Energy trust plans gain momentum as community leaders seek to address fuel poverty

Proposals for an “energy trust” to address fuel poverty in Shetland are gaining momentum after community leaders agreed to seek information on its establishment.

The Association of Shetland Community Councils discussed the idea on Tuesday night – where the need for action was widely recognised.

Gulberwick, Quarff and Cunningsburgh Community Council’s Colin Clark raised the idea, having heard it discussed by the SNP’s election candidate Tom Wills.

“I know he came second,” Mr Clark said.

“But I think a good idea should still be investigated.”

Mr Clark also said Bryan Leask,  vice chairman of the Shetland Fuel Poverty Action Group, had been “banging the drum” on the issue.

“I would just like to know what’s happening,” he said.
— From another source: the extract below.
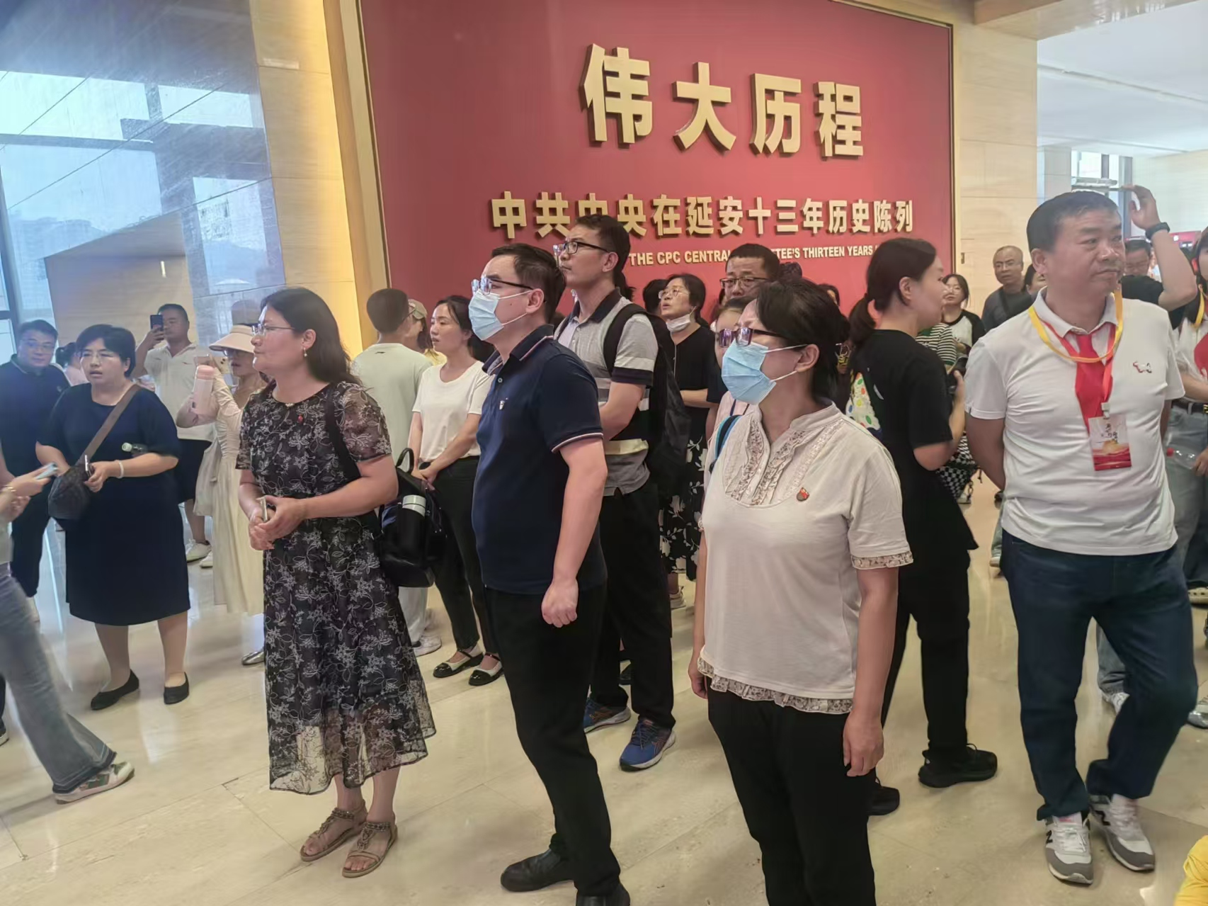 在革命圣地延安,研修小组参观了延安革命纪念馆和杨家岭革命旧址。延安革命纪念馆里展出大量珍贵的革命文物,再现了毛泽东、刘少奇、周恩来、朱德等老一辈革命家在延安的光辉业绩,全面真实地展现了从1935年10月到1948年3月近13年间,党中央在延安和陕甘宁边区领导中国革命的光辉历史。杨家岭革命旧址景区是中共中央领导在1938年11月至1947年3月期间的住处,同时也是中共“七大”会址,老师们对其进行了参观瞻仰。一幅幅生动的历史影像、一个个珍贵的历史文物,将老师们的思绪带回到那个充满热血和激情的革命年代,通过追寻先辈足迹,重温革命历史,汲取奋进力量,立志传承红色基因,赓续精神血脉。

“There’s been some really good suggests for an energy trust to be set up and I think that would be the key to get things going.”

Mr Clark suggested the ASCC should seek to find out more information and look into how such a trust could be developed.
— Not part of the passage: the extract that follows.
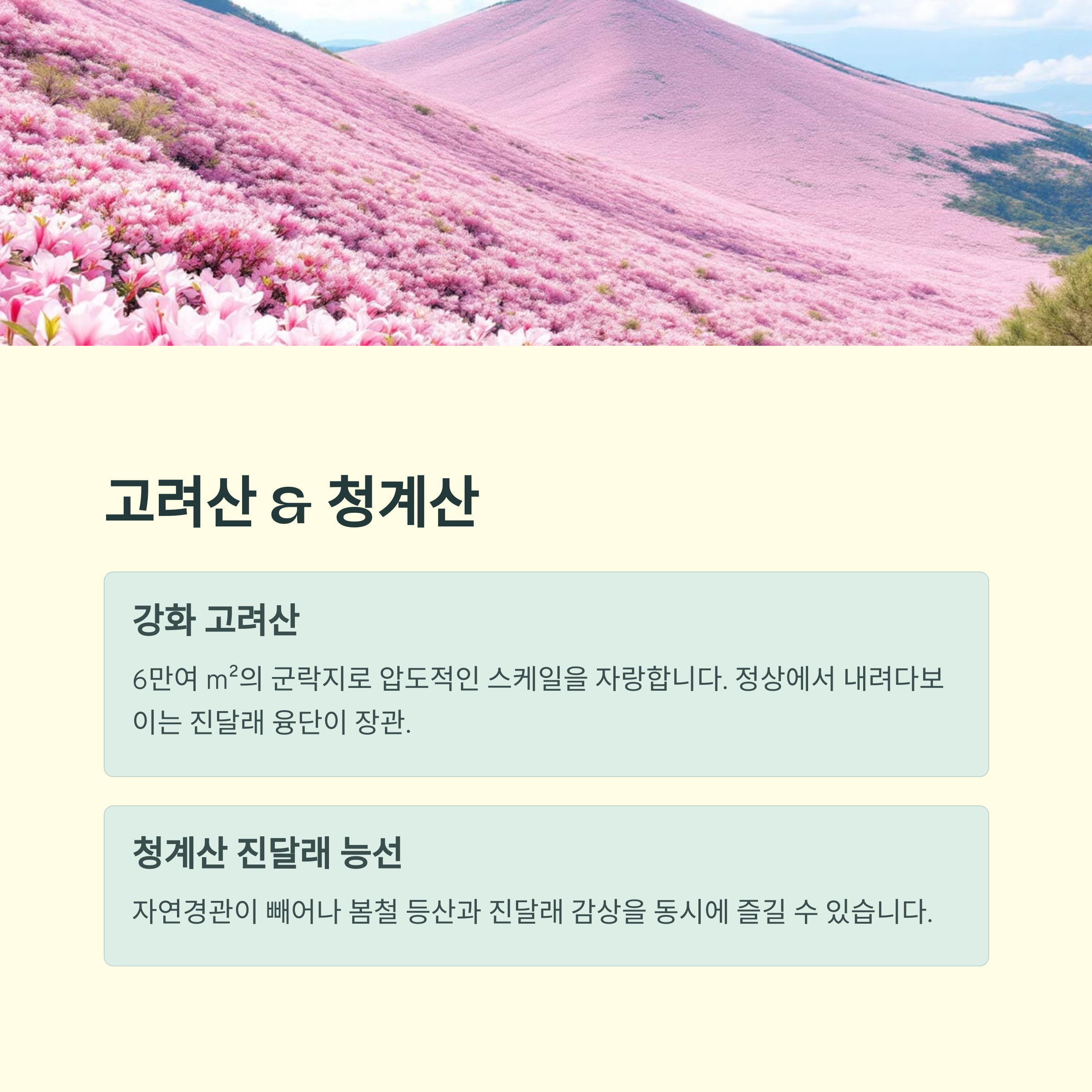 강화 고려산 진달래는 6만여 m²의 군락지로 압도적인 스케일을 자랑합니다. 해발 436m 정상까지 오르는 길은 등산객들에게 도전이 되지만 정상에서 내려다보이는 진달래 융단은 힘든 길을 잊게 만들 정도로 아름답습니다. 청계산 진달래 능선 또한 자연경관이 빼어나 봄철 등산과 진달래 감상을 동시에 즐길 수 있어 많은 이들의 사랑을 받습니다.

“A lot of people are speaking about it, but electricity prices are still hiking up,” he said.

“One in three are in fuel poverty, one in five are in extreme fuel poverty and I think that’s rising because the cost of living is going up.

“So I think something needs to be done and I think we should be either supporting Bryan [Leask] or making inquiries to the SIC to find out what’s actually happen.”
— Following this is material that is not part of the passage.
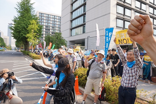 最後に「共謀罪は、国会会期末の1週間の闘いにかかっている。連日の集会に最大の運動を」(総がかり行動実行委の福山真劫さん)と行動提起があり、全員でコールを行って終了しました。

Lerwick Community Council’s Gary Robinson suggested Shetland Charitable Trust might be the the best organisation to tackle fuel poverty, rather than establishing another trust.

He noted one of the SCT’s stated aims was already to tackle poverty.

The ASCC agreed to invite to its next meeting in September Mr Leask, an SCT representative and someone to speak about setting up an energy trust. 

Speaking after the meeting, Mr Wills said he was pleased Mr Clark had taken the initiative, with his backing.

“Nobody should have to struggle to heat their home, and certainly not in one of the most energy-rich communities in the world. 

“It’s encouraging to see more folk taking this issue on.”